According to preliminary work I’ve done for future posts, the driving force underlying NFL clustering is the head coach, which makes sense given how much influence he typically has over the product on the field. For most franchises, few things on the football operations side of the organization elude the guiding hand of the head coach. With that in mind, the following graph illustrates clustering in NFL performance. It uses the same PythW% data as before, but plots it in the context of eight head coaching regimes:2
The overall average across all 32 team seasons was 57.5%, which is represented by the black line, and the total variance was 2.5%. We immediately see from the graph, however, that there’s considerable variation between different head coaching regimes: PythW% data for five of the eight clusters (1, 3, 6, 7, and 8) are packed together relatively tightly, and averages for the eight are, by and large, not equal.
The major distinction I’m trying to draw here is as follows. An OLS would treat every team season as a random, independent observation from a population with a mean of 57.5% PythW% and variance of 2.5%. MLM, in contrast, would group seasons based on their head coaching regime, with each regime having its own mean and variance. Not only would this MLM approach have the advantage of actually producing unbiased results; it also would conform better to the state of reality implied by the graph.
Going back to the first graph, the trendline implied that the effect of ANY/A Differential on PythW% is identical for every team in every season. Belichick’s Patriots? Belichick’s Browns? Chip Kelly’s Eagles? Rich Kotite’s Eagles? They all could be expected to improve by 0.08 PythW% for every one-yard increase in ANY/A Differential. Hopefully, you’ve realized this is one step beyond madness.
But don’t take my word for it. Here’s a revised graph showing the effect of ANY/A Differential on PythW%, except this time I’ve given a separate trendline to each of our eight clusters:
Yes, four of the eight effects mimic the black line, but the dark green cluster shows a slight deviation from average, the pink and gold clusters show a moderate deviation, and the red cluster shows a large deviation. This is a big deal because think about how our conclusion for Team Red changed when we moved from an OLS framework to an MLM framework (i.e., from the first graph to this one).

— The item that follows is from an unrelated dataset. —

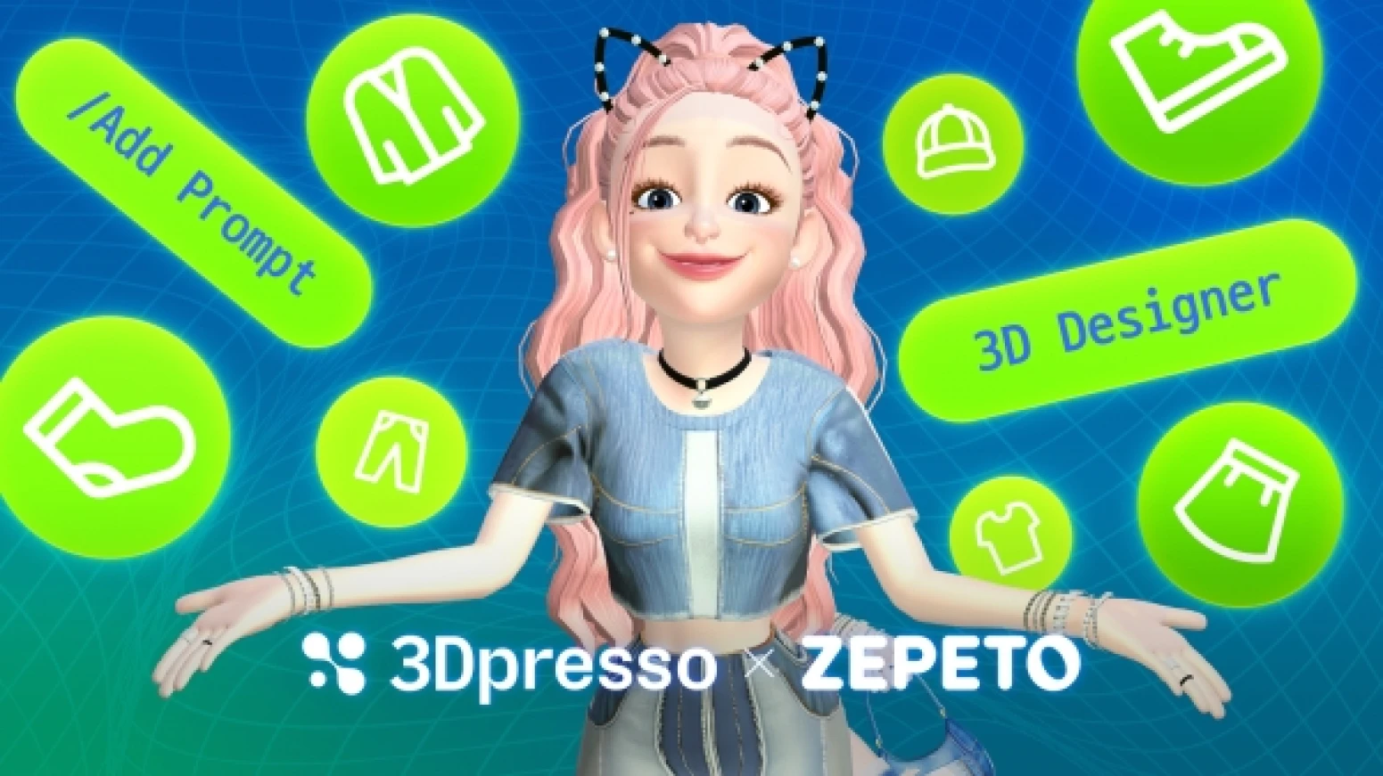 관련기사 보러가기 >네이버 제페토와 협업하여 3D 프레소의 텍스처 생성 기능을 활용한 아이템 제작 이벤트를 진행하였습니다. 주요 대상이 초,중학생이므로 AI 프롬프트 엔지니어링이 어려울 것으로 판단되어, 누구나 쉽게 프롬프트를 사용할 수 있도록 이미지 선택 기반의 프롬프트 UX를 기획했습니다. 이와 함께 약 500개의 프롬프트를 직접 테스트한 결과로 프롬프트 엔지니어링을 적용하여 사용자가 원하는 형태의 텍스처를 만들 수 있도록 하였습니다.

Before, we would have asserted that Team Red adds 0.08 to their PythW% for every yard they add to their ANY/A Differential — because our analysis assumed they were just like every other team. Now, though, we see that their ANY/A Differential actually isn’t that influential at all.3
DT : IR :: TL : DR
OLS assumes that NFL team seasons are independent of each other and that predictor variables affect every team season to the same extent. These assumptions are frequently violated because team seasons are clustered by head coaching regimes in the real world. MLM accounts for said clustering, so it leads to better inferences, and reveals information otherwise hidden by a standard OLS.

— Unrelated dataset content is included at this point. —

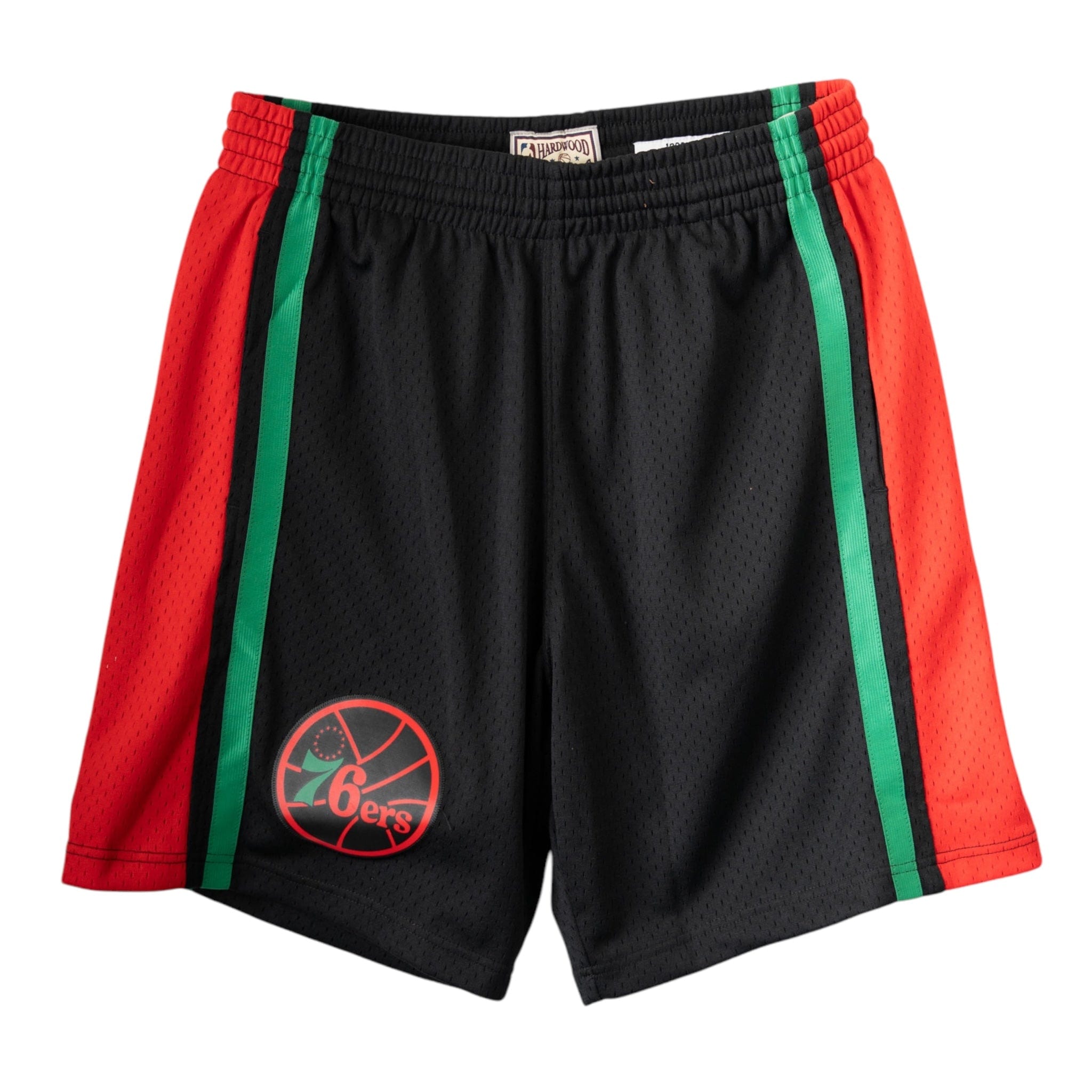 Origins NYC offers this pair of new Mitchell & Ness Philadelphia 76ers Christmas Day Swingman Shorts in Black.

The analyses here are strictly pedagogical in nature. Don’t fret if you notice something that begs for a more nuanced explanation. This fire is a slow burn by design. ↩
Data came from the most recent four seasons of Jack Del Rio’s Jaguars (Cluster 1), Gary Kubiak’s Texans (2), Tom Coughlin’s Giants (3), Mike Smith’s Falcons (4), Pete Carroll’s Seahawks (5), Sean Payton’s Saints (6), Mike McCarthy’s Packers (7), and Bill Belichick’s Patriots (8). ↩
In fact, the slope has dropped to 0.03, which isn’t statistically significant. ↩